▶ **The problem**
Where a picture appears in the data below, exclude it; restate everything else word for word.

**** Supplied data

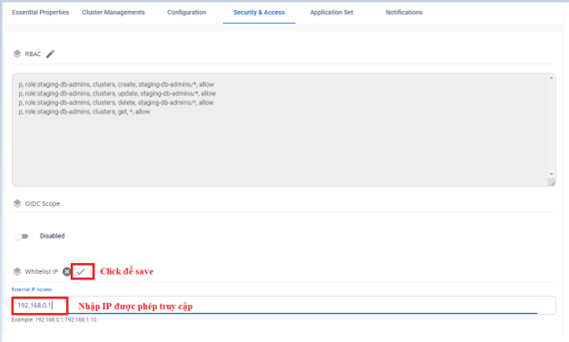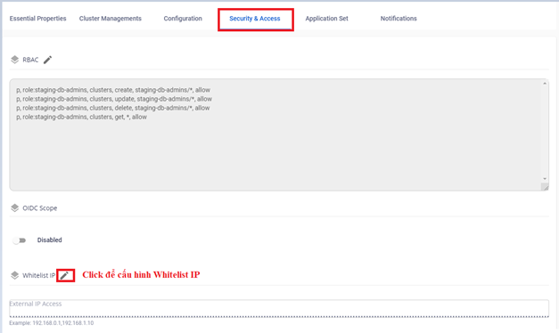 FPT Cloud hỗ trợ người dùng cấu hình whitelistIP truy cập vào URL ArgoCD thông qua giao diện Portal như sau: Bước 1: Vào màn hình Security & Access > Whitelist IP Bước 2: Nhập IP cho phép truy cập vào Argo CD Lưu ý: Các IP cách nhau bởi dấu “,” Bước 3: Kết quả sau khi cấu hình Bước 4: Kiểm tra kết quả sau khi cấu hình Truy cập ArgoCD thông qua trình duyệt, xuất hiện lỗi 403
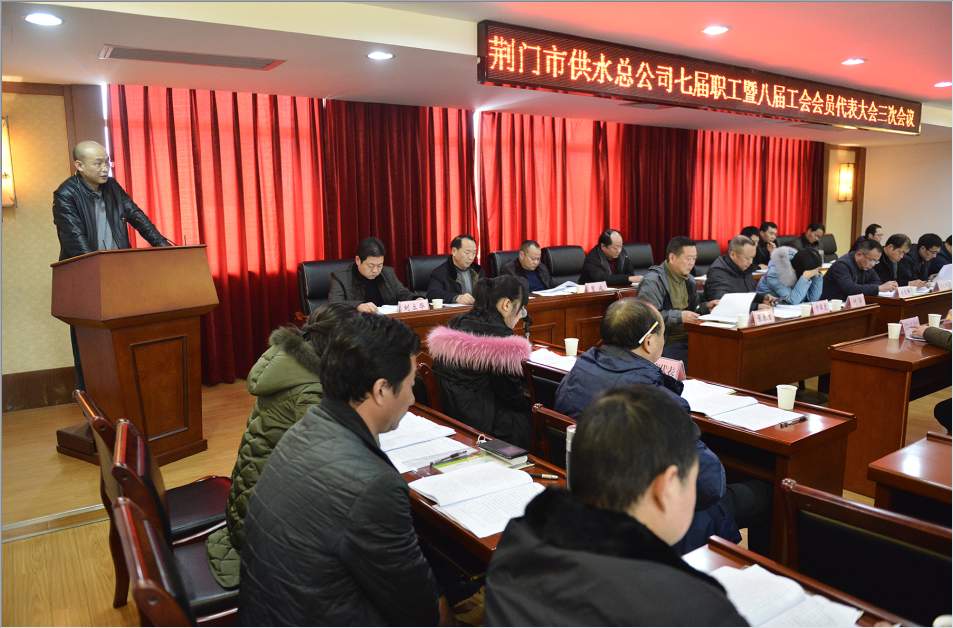 会议在庄严的国歌声中开幕。公司党委书记、总经理陈永根作了《2016年度公司工作报告》,认真总结了2016年度取得的各项成绩;供水设施建设投资体制理顺、5条道路供水管道改迁提前完成、国宾酒店环评获批;管党治党高度前所未有、项目建设力度规模空前、公司主辅业产值连续五年双过亿,总额首次突破3亿元等。客观分析了当前企业发展存在的机会和挑战,并对2017年度的工作作出了展望。党委委员、工会主席马兆芳,党委委员、总会计师刘高轶分别作了《2016年度工会委员会工作报告》、《荆门市供水总公司2016年度财务预算执行及2017年财务预算草案编制报告》、《荆门市供水总公司2016年度工会经费执行及2017年工会经费预算情况报告》。职工代表提案审查小组组长卞军虎对七届职工暨八届工会会员代表大会二次会议职工代表提案办理情况作了报告,七届职工暨八届工会会员代表大会二次会议共收到34份职工提案,实际需要回复和办理的提案为32份,已办结的有27份,正在落实的5份,报告中对正在落实的提案进行了说明。工会副主席张春生对本次会议征集职工代表提案作了报告,本次会议共收到19份提案,其中涉及经营管理的5份,技术改革的1份,教育培训的1份,薪资福利待遇的12份。会议期间,与会代表给予六个报告充分肯定,围绕各项工作报告,进行了热烈讨论,提出了许多宝贵的建议和意见。
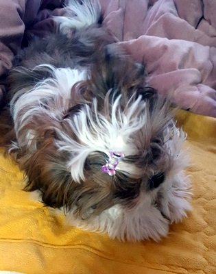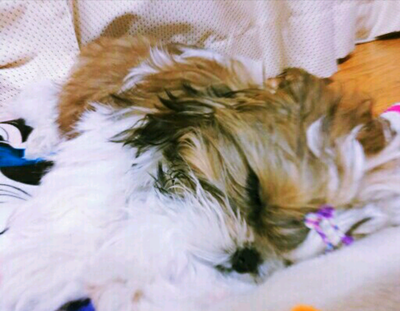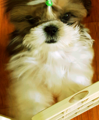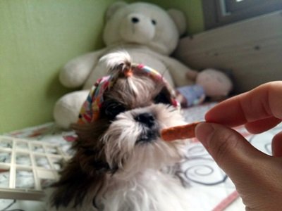 간식도 잘 뜯는 그런 매력적인 강아지죠~

********

▶ **Your response**
 FPT Cloud hỗ trợ người dùng cấu hình whitelistIP truy cập vào URL ArgoCD thông qua giao diện Portal như sau: Bước 1: Vào màn hình Security & Access > Whitelist IP Bước 2: Nhập IP cho phép truy cập vào Argo CD Lưu ý: Các IP cách nhau bởi dấu “,” Bước 3: Kết quả sau khi cấu hình Bước 4: Kiểm tra kết quả sau khi cấu hình Truy cập ArgoCD thông qua trình duyệt, xuất hiện lỗi 403
 会议在庄严的国歌声中开幕。公司党委书记、总经理陈永根作了《2016年度公司工作报告》,认真总结了2016年度取得的各项成绩;供水设施建设投资体制理顺、5条道路供水管道改迁提前完成、国宾酒店环评获批;管党治党高度前所未有、项目建设力度规模空前、公司主辅业产值连续五年双过亿,总额首次突破3亿元等。客观分析了当前企业发展存在的机会和挑战,并对2017年度的工作作出了展望。党委委员、工会主席马兆芳,党委委员、总会计师刘高轶分别作了《2016年度工会委员会工作报告》、《荆门市供水总公司2016年度财务预算执行及2017年财务预算草案编制报告》、《荆门市供水总公司2016年度工会经费执行及2017年工会经费预算情况报告》。职工代表提案审查小组组长卞军虎对七届职工暨八届工会会员代表大会二次会议职工代表提案办理情况作了报告,七届职工暨八届工会会员代表大会二次会议共收到34份职工提案,实际需要回复和办理的提案为32份,已办结的有27份,正在落实的5份,报告中对正在落实的提案进行了说明。工会副主席张春生对本次会议征集职工代表提案作了报告,本次会议共收到19份提案,其中涉及经营管理的5份,技术改革的1份,教育培训的1份,薪资福利待遇的12份。会议期间,与会代表给予六个报告充分肯定,围绕各项工作报告,进行了热烈讨论,提出了许多宝贵的建议和意见。
 간식도 잘 뜯는 그런 매력적인 강아지죠~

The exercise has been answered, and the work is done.